__WHAT IS NEEDED__: Only the lines below from the one containing "蓝黄绿相互交错的领带稳稳地挂" through the one containing "3、點(diǎn)擊并拖動(dòng)那" belong in the answer, set down exactly, with the pictures left out.

__RECORDS__:
[Start of Attachment]
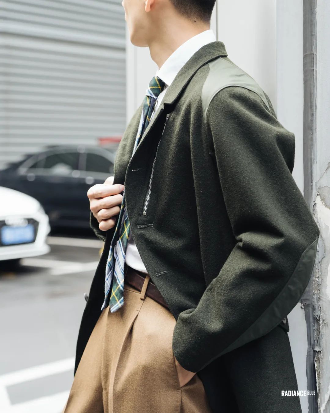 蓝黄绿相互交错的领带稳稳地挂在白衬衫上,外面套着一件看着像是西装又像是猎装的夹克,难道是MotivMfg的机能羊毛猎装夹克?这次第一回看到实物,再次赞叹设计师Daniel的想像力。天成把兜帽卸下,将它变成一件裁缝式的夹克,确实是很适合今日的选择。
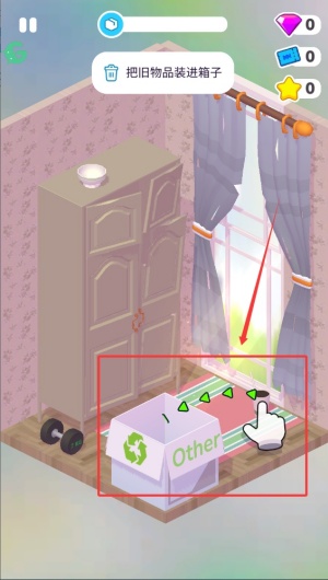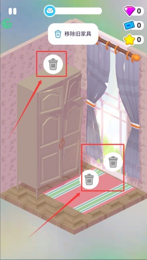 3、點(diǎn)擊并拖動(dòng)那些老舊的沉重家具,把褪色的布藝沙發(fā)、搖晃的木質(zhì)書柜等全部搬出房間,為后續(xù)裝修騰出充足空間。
[End of Attachment]
[Start of Attachment]
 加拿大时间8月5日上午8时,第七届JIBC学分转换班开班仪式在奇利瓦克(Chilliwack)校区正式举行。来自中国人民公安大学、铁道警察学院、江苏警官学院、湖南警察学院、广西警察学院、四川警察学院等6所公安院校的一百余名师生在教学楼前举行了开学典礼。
[End of Attachment]
__EXERCISE RESULT__:
 蓝黄绿相互交错的领带稳稳地挂在白衬衫上,外面套着一件看着像是西装又像是猎装的夹克,难道是MotivMfg的机能羊毛猎装夹克?这次第一回看到实物,再次赞叹设计师Daniel的想像力。天成把兜帽卸下,将它变成一件裁缝式的夹克,确实是很适合今日的选择。
 3、點(diǎn)擊并拖動(dòng)那些老舊的沉重家具,把褪色的布藝沙發(fā)、搖晃的木質(zhì)書柜等全部搬出房間,為后續(xù)裝修騰出充足空間。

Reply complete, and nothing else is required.